My roommate’s eyes widened. “Don’t you know
that bathroom is haunted?” he exclaimed. “The bloodstains on the sink
are as fresh today as they were when the accident happened back in the
1960s, and sometimes you can hear the boy moaning as his life ebbs
away on the bathroom floor!”
“Romantic twaddle,” I snapped. “My granny
lives in a haunted castle in Scotland with ghost stories that would
make your hair stand on end. She’d laugh at me if she found out I
ignored a perfectly good bathroom because of a few bloodstains.
Besides, the maintenance staff told me the bathroom was shut up
pending renovations. No big deal!”
“You’ll be sorry,” my roommate said darkly. I
ignored him. He was just sore because I’d lumped him in with the
disgusting lot of fellows who mucked up the bathroom on my floor.

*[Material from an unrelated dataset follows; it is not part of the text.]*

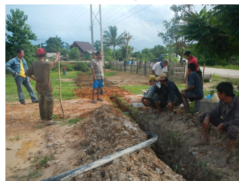
Laying of pipes —Meuang Pa Site
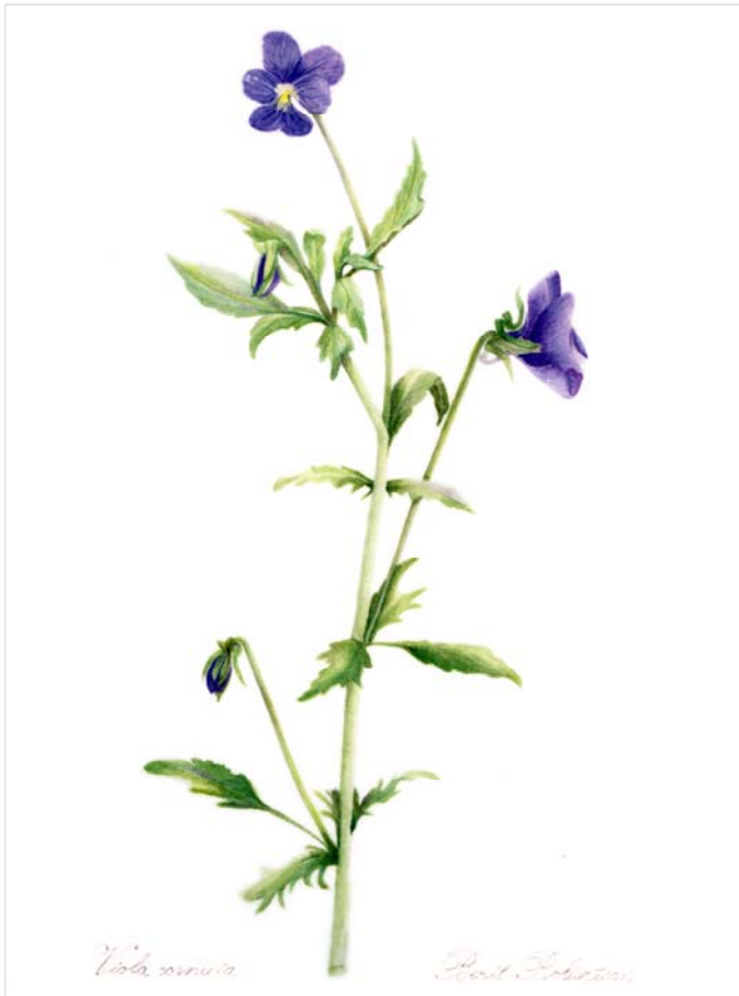
Viola Cornuta © 2006 by Berit Robertson

Filoli has an extensive educational program that ranges from introductory classes in drawing and watercolor for children to week-long, intensive workshops and botanical certificate classes taught by accomplished Bay Area and regional instructors, as well as internationally known instruc-

You’d think someone would teach them to pick up their dirty clothes
and clean the sink once in awhile.
When the dorm quieted down for the night –
which wasn’t until late – I hurried up to the fourth floor with a bit
of wire I’d purchased at a local hardware store. My little brother
and I had become expert lock-pickers over the years, since our mother
had a bad habit of locking her keys into the house or the car at least
once a week. With all that experience, the lock on the bathroom door
gave me no problems.
The bathroom was rather old-fashioned in
appearance and had a disused air. There was dust in the corners, and
a spider web drooped from the ceiling. But I heard no unearthly
groaning, no mysterious footsteps. I carefully inspected the sink,
the walls and the floor. Other than a smallish orange discoloration
on the sink, there was no blood anywhere. Ha! So much for urban
legends. There was probably something in the water that caused
discoloration over time. I turned a tap experimentally, sure that the
maintenance staff had shut off the water long ago. To my surprise,
water gushed forth instantly. I smiled. Well, well. It looked like
I had a bathroom to myself after all! I carefully locked the door
behind me when I left.
I got up late the next morning, and had the
downstairs bathroom all to myself. So it wasn’t until evening, when
everyone was back in the dorm, crowding in and out of the bathrooms,
that I slipped away to use the locked up facilities. It was still
early in the evening, and I made sure no one was around before I
headed to the abandoned bathroom. With a few twists of the wire, I
opened the lock. As I stepped inside, the air temperature plummeted
twenty degrees or more and my nose was hit by the pungent, strong
smell of fresh blood. A second later, I saw the blood-spattered
sink.
Bright-red gore was everywhere – on the
porcelain, on the walls, oozing down the sides of the sink. And
hovering before it, his feet a good six-inches off the ground, was the
luminous form of a college-aged boy wearing old-fashioned clothes in
the style of the 1960s. His forehead had a disfiguring dent smashed
into it, and blood was dripping down his face. As I gaped at him,
horrified and frozen in terror, he turned and looked at me. Then he
held out a blood-stained hand. His eyes were desperate, pleading for
help, and I heard a low moaning sound coming from between his
blood-stained lips. The sound raised every hair on my body and made
the skin prickle in sheer, cold horror. I backpedaled fiercely, my
legs scrambling to get away while my eyes and head remained fixed on
the ghost, on the bloody sink. A drop of red blood fell from his
outstretched hand as I stared at him. Then the momentum of my legs
carried me through the door, which slammed shut behind me, and the
hot, pungent smell of fresh blood followed me through the halls and
down the staircases until I was outside into the chilly air of autumn,
breathing deeply. My knees shook so bad that I fell onto the nearest
patch of grass, stomach heaving. Oh lord! The ghost was real! No
wonder they kept the place locked up.
I lay on the grass for a long time, ignoring the chill in the air.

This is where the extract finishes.